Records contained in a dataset
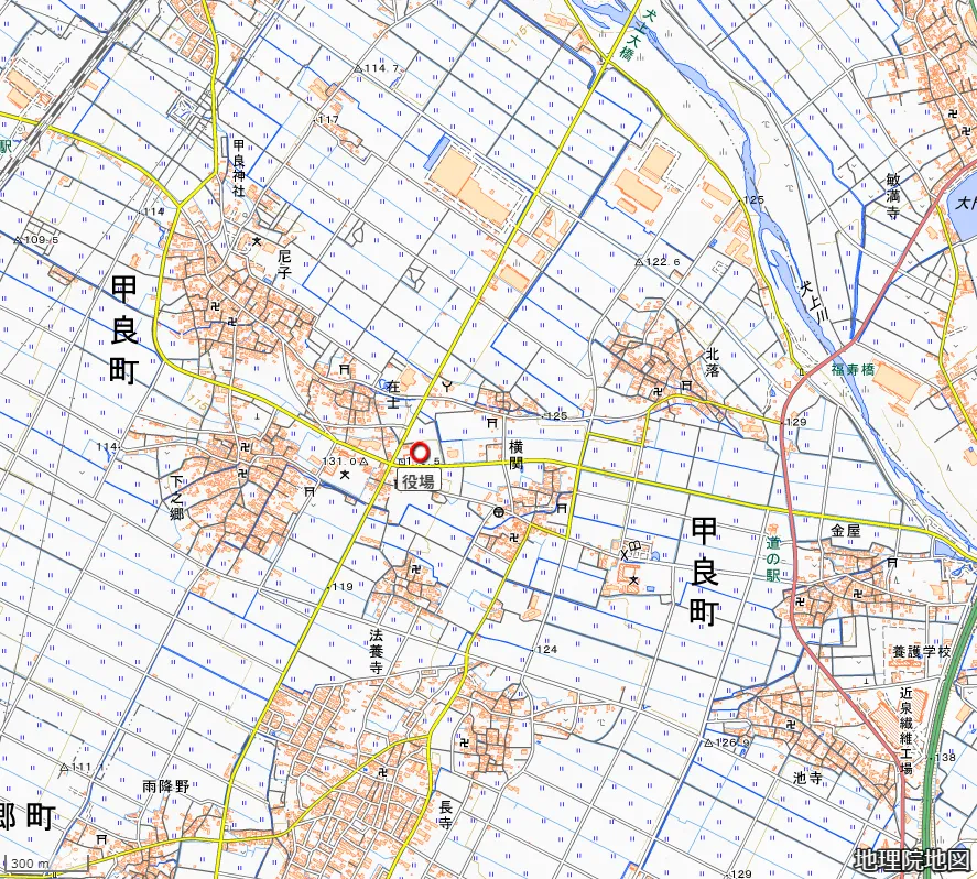 インターネット上の地図サイトで甲良町を見ると、 在士という地区は町の中心的な位置にあると言える。実際に町役場は在士地区にある。
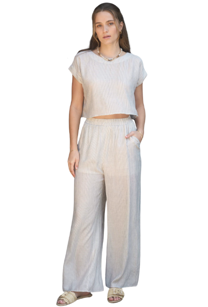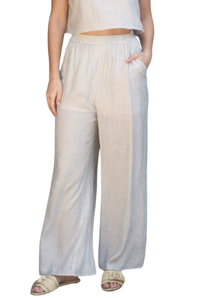 These Making Big Plans Pants feature a stylish pinstripe design and a comfortable elastic waist for an effortless fit. Made from breathable fabric, they keep you feeling fresh all day long. Perfect for coordinating with the matching top, they create a polished, put-together look ideal for any occasion.
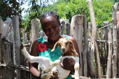 The project to breed bigger goats and raise incomes aims to help communities feed their families without wiping out local wildlife, as extreme weather hurts crops
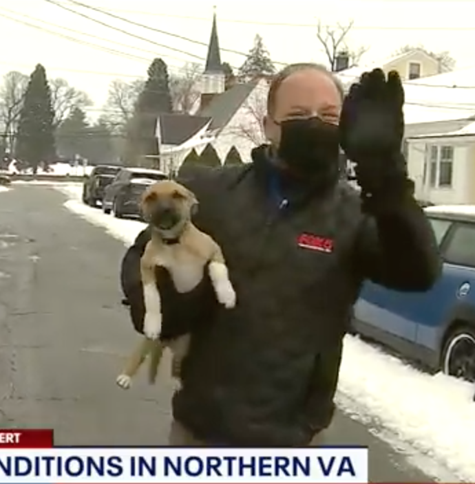 2021年02月28日記者在現場連線報導時經常會遇到一些突發情況。不久前華盛頓Fox 5台的記者Bob Barnard在利斯堡(Leesburg)街頭報導天氣情況時,就遇到了一隻自來熟的小狗。這隻狗狗跑過來撒嬌賣萌求抱抱,讓原本無聊的天氣報導畫面變得非常有趣~
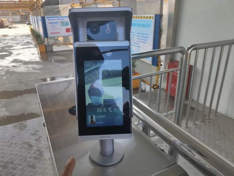 固体废物处置中心二期工地的闸机上有自动测温设备
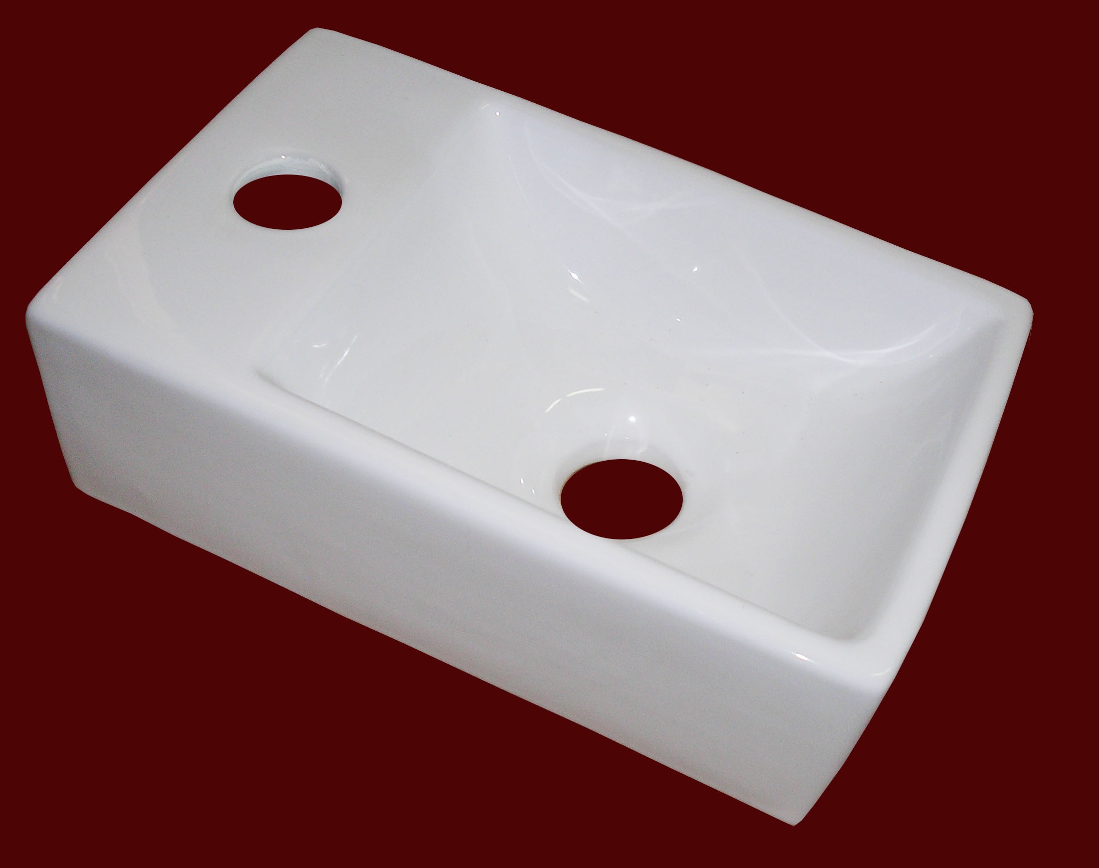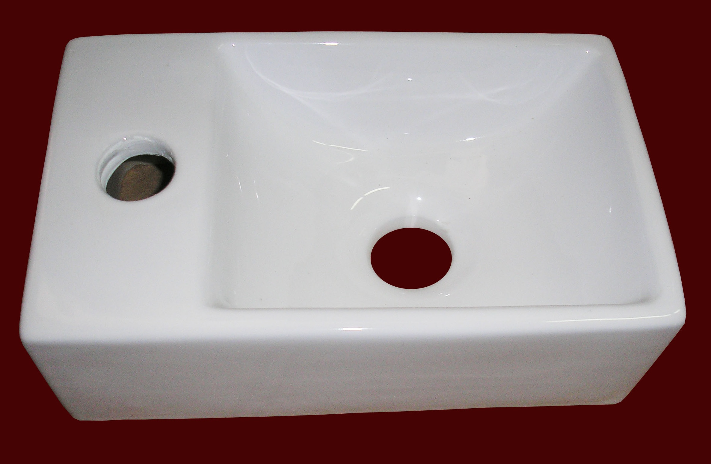 Pakabinamas keramikinis praustuvas su skyle maišytuvui.
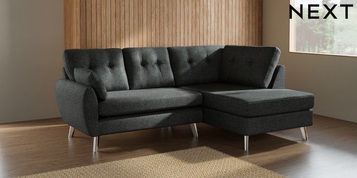 7.2.10 Wilson Buttoned Back Medium Corner Chaise - Right Hand Cotswold Chenille Dark Grey Metal Tapered - Chrome | Made Click here to use our website with more accessibility support, for example screen readers
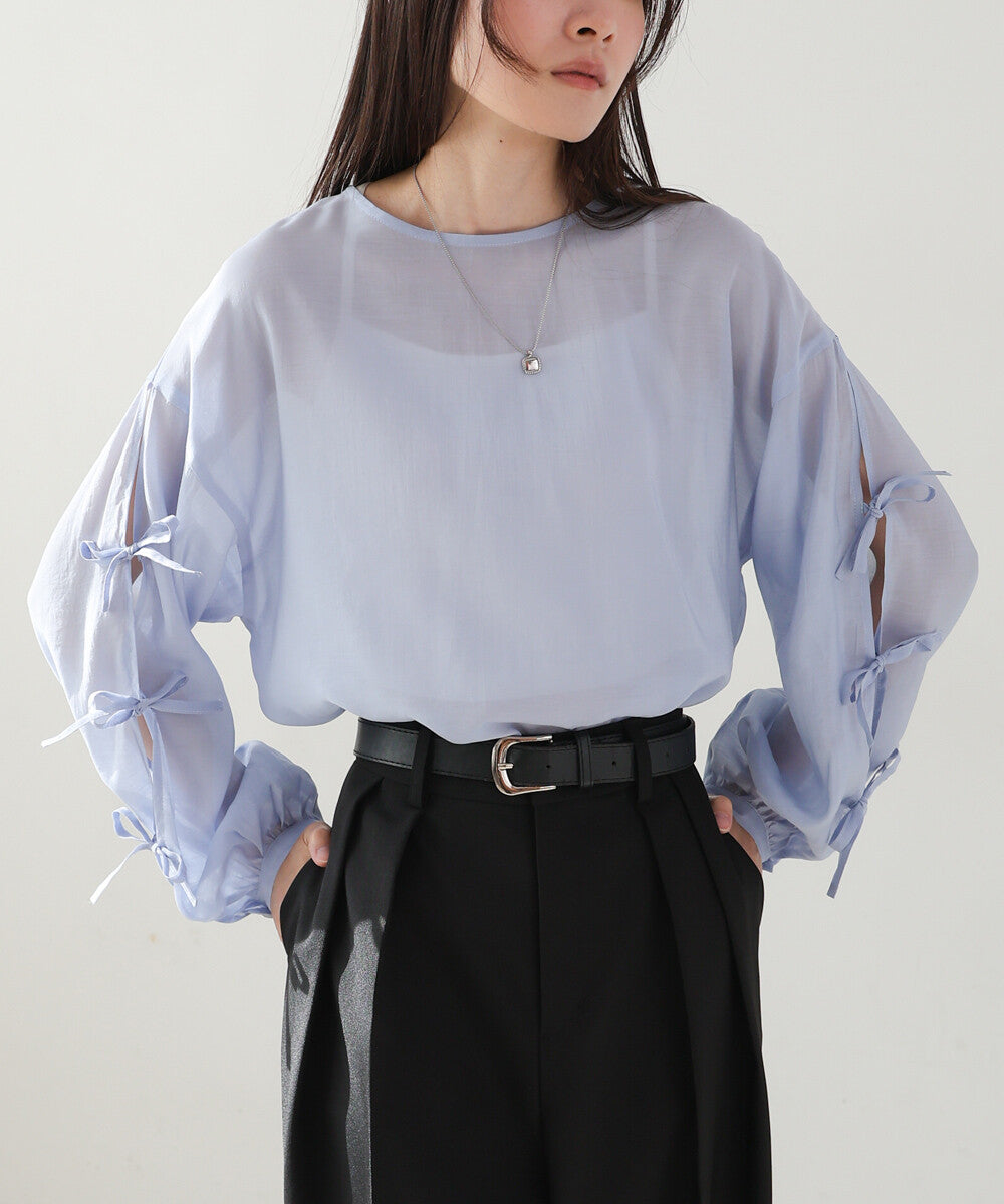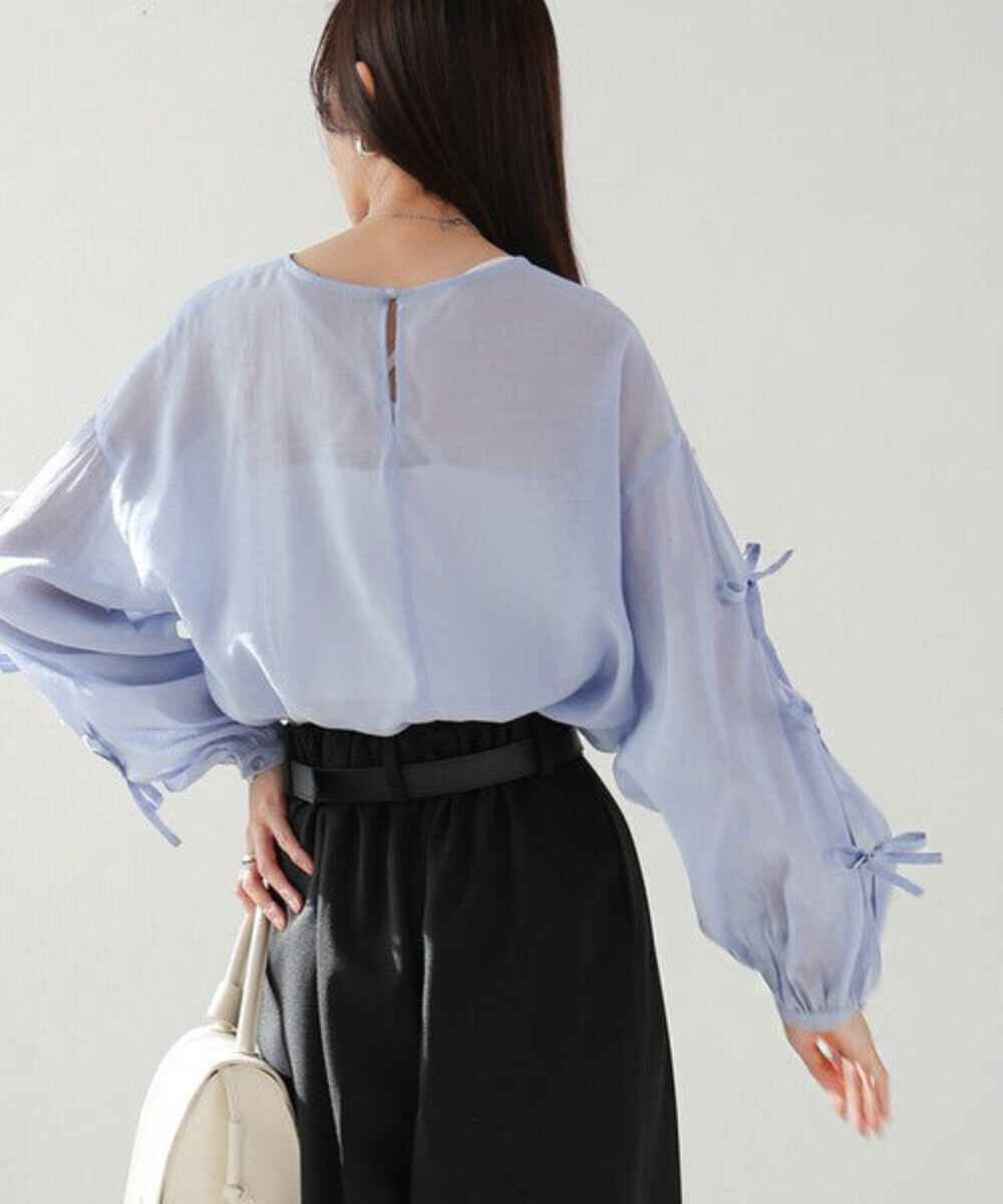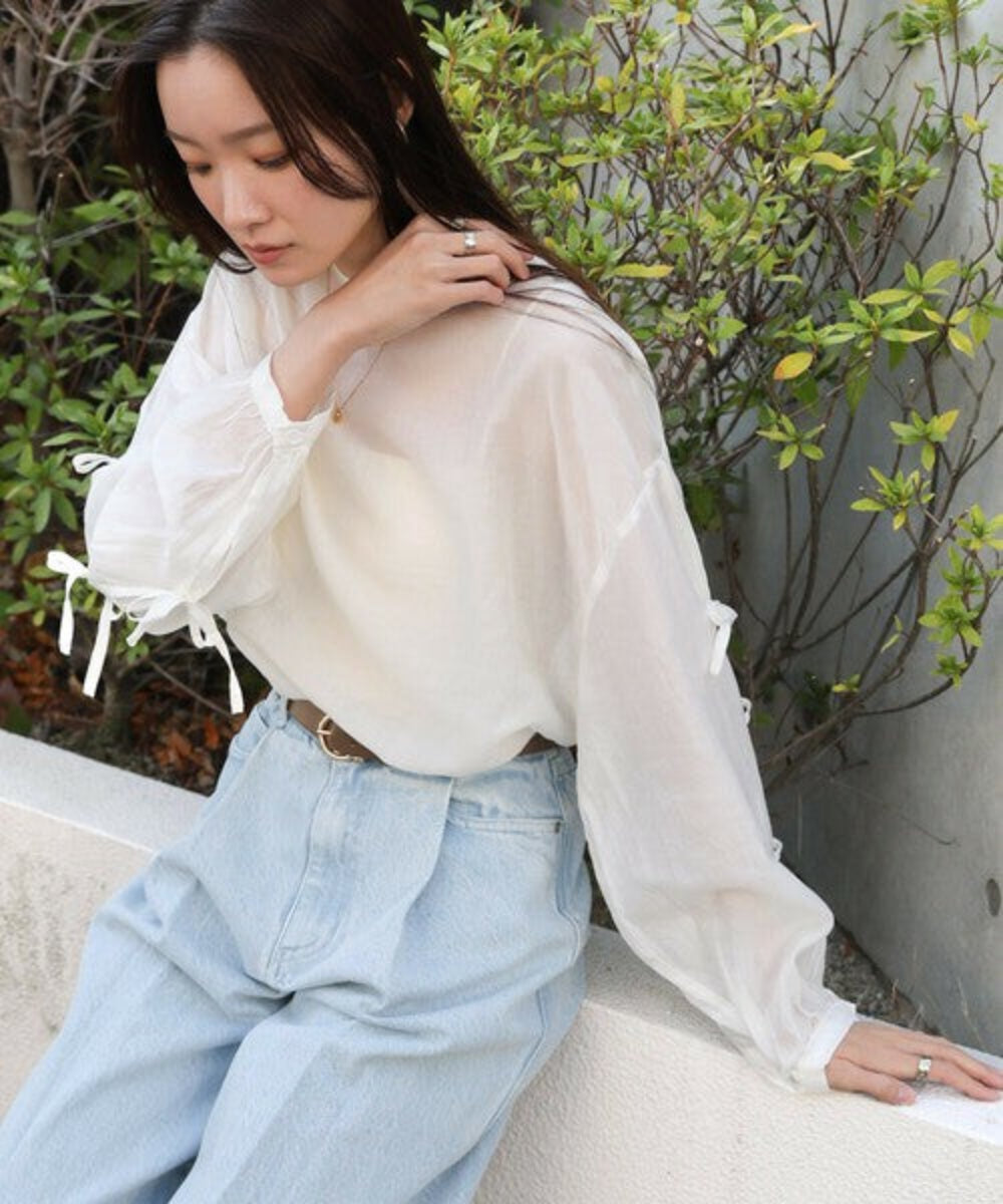 這款充滿春日氣息的襯衫採用半透明設計,袖口飾有緞帶。柔軟閃亮的布料凸顯了女性魅力。寬鬆的版型也十分吸引,落肩設計不顯身材曲線。即使將襯衫束進褲腰,及腰的長度也能給人安全感。柔和的淺色調更能展現成熟優雅的氣質。

- _The problem_: Your reply must hold only the lines from the line containing "The project to" through the end of the records above, written out exactly, both ends included, with no pictures, please.

- _Answer below_:
 The project to breed bigger goats and raise incomes aims to help communities feed their families without wiping out local wildlife, as extreme weather hurts crops
 2021年02月28日記者在現場連線報導時經常會遇到一些突發情況。不久前華盛頓Fox 5台的記者Bob Barnard在利斯堡(Leesburg)街頭報導天氣情況時,就遇到了一隻自來熟的小狗。這隻狗狗跑過來撒嬌賣萌求抱抱,讓原本無聊的天氣報導畫面變得非常有趣~
 固体废物处置中心二期工地的闸机上有自动测温设备
 Pakabinamas keramikinis praustuvas su skyle maišytuvui.
 7.2.10 Wilson Buttoned Back Medium Corner Chaise - Right Hand Cotswold Chenille Dark Grey Metal Tapered - Chrome | Made Click here to use our website with more accessibility support, for example screen readers
 這款充滿春日氣息的襯衫採用半透明設計,袖口飾有緞帶。柔軟閃亮的布料凸顯了女性魅力。寬鬆的版型也十分吸引,落肩設計不顯身材曲線。即使將襯衫束進褲腰,及腰的長度也能給人安全感。柔和的淺色調更能展現成熟優雅的氣質。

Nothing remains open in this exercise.